Или, вернее сказать, доживающих – как бы ни старалась младшая Ольгимская, какую поддержку бы ей ни давала свора детишек-правителей, ничто уже не сможет вернуть Городу его прежний облик. И хоть тысячу верных решений теперь прими – одной ошибки они не исправят.
«Не дай ему сорваться в пропасть, молю, не дай», — гремит свинцовой тяжестью в висках просьба Андрея, и никак от звуков его голоса Марии не избавиться. Дала обещание и не сдержала. Спасла, но не сохранила. Могла бы сделать больше, но не почувствовала момент, который стал точкой невозврата. Уберегла от людского гнева, от гонений, от плахи, но от земли укрыть не смогла, потому что та давно перестала разговаривать с ней на одном языке – замолчала Мать Бодхо, оглохла Сонная Хозяйка, а расплачиваться за это пришлось, как водится, другим.
Кровью расплачиваться пришлось, и вовсе не той, что из земли на том месте, где Башня некогда над Горхоном возвышалась, хлынула. Забывшись в гневе и пожирающей изнутри ненависти ко всему сущему, выбегала Мария в ночи в степь, да так быстро, что горожане перешептывались, будто бы видели пламя ожившее – только успевали моргнуть, а всполоха алого уже под окном нет, за горизонт успело удалиться. Выбегала Мария в степь и там ухо найти пыталась, – «где-то ведь должно быть оно, где-то этот Уклад треклятый его для себя оставил, чтобы в случае чего на помощь божество их уродливое призвать, я точно знаю! О нем даже детвора шепталась, и Бурах его искал, что один, что другой, где же ты!», – чтобы прокричать прямо в него, коли по-другому слушать ее земля перестала. Ноги в кровь сбивала, пока металась от одного каменного столба до другого, танцевать пыталась, невестам травяным подражая, а порой кричала так громко и страшно, как не кричала, в огне полыхая, даже женщина, которую по ошибке за шабнак приняли.
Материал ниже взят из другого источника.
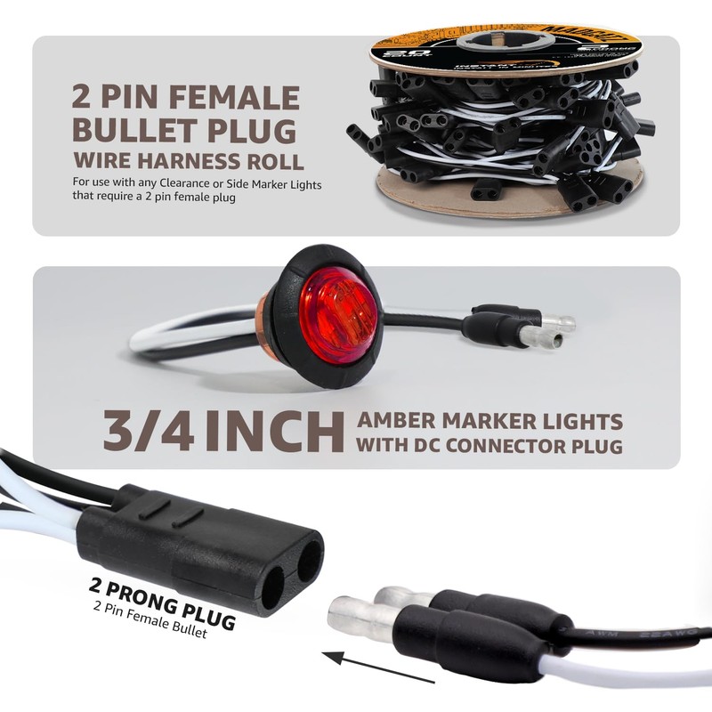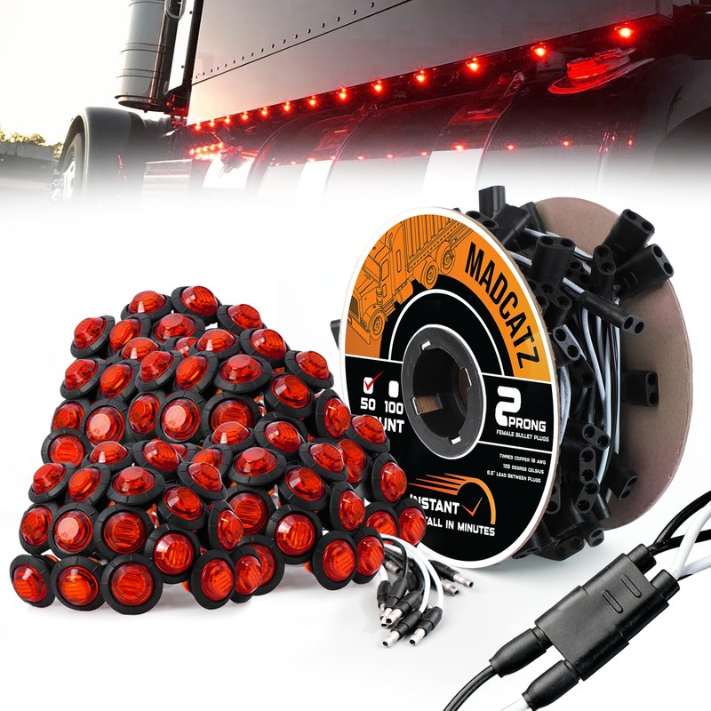 MADCATZ MADCATZ 50 Pcs 3/4" Mini Round Red Side Marker Lights 3LED with Bullet Connector Plug + 2 Prong Wire Harness Roll, 50 Female Plugs - 6.5 inch Lead for Truck Trailer Pickup 12V DC

Однажды, если слухам верить, отец за Марией в степь увязался – в чувства привести хотел и домой забрать, так она ему все лицо расцарапала, пытаясь из крепкой хватки вырваться, и проклятиями его осыпала, и Судью, и даже Симона, и весь род Каиных, и невесть что бы еще натворить могла, если бы он ей крепко по щеке не ударил; и тогда гнев слезами сменился, и тело обмякло в руках отцовских. Отнес Виктор ее назад, в Горны, а через три дня их с Георгием не стало.
Это земля на просьбы Каиной откликнулась – говорила Мария, чтобы забирали что угодно, лишь бы силы к ней вернулись и начатое Симоном закончить удалось. И земля забрала – только не как жертву, а в наказание.
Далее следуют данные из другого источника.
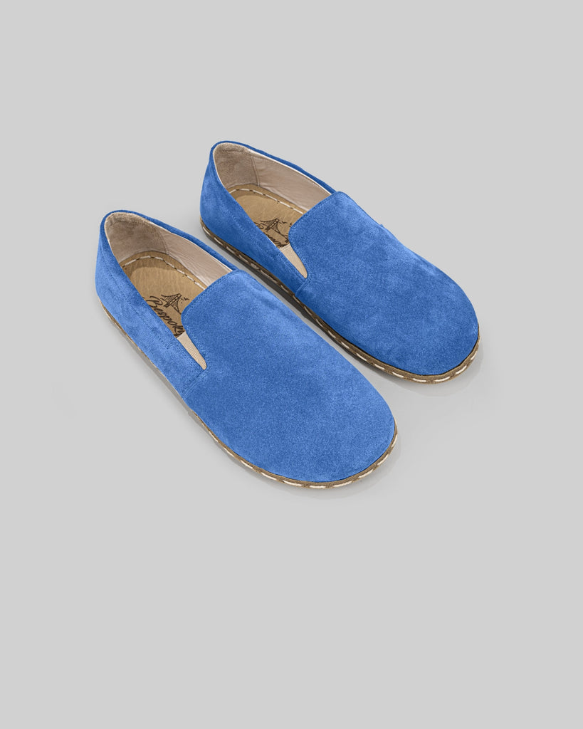 Eminonu Blue Color Artisan Handcrafted Suede Genuine Leather Grounding Barefoot Shoes For Men | Wide Toe Box | Flexible Sole | Zero Drop | Lightweight | Breathable | Eco-Friendly | Grounding Shoes | Minimalist Shoes

Почти все, кто был Марии нужен, кто был для нее важен, обратились в прах. Остались Стаматины, отец, дядя, одними лишь надгробиями. А у Младшего Влада ни камушка не было на кладбище, ни цветка – ничего после него не осталось, будто бы и не было человека вовсе. И теперь, когда Мария была одна, она только уверилась в том, что очень скоро и ее черед придет – просто исчезнет, раствориться между переулков ломаных улиц, и никто не вспомнит о ней, покуда не придет в город зима и люди приметят, что в Горнах не горит больше свет.
Впрочем, в Горнах свет не горит уже давно – хозяйке дома незачем там тепло поддерживать, теням лучше в холодной пустоте живется. Но что до кабака – все силы Марии были брошены на то, чтобы создать иллюзию, будто бы вот-вот заиграет вновь музыка, а на сцену поднимется, воровато озираясь по сторонам, запыхавшаяся Вера, снова умудрившаяся ускользнуть от грозного взора своего отца, чтобы пуститься в танец для услады глаз всех, кто за бокалом-другим крепкого твирина забредет сюда.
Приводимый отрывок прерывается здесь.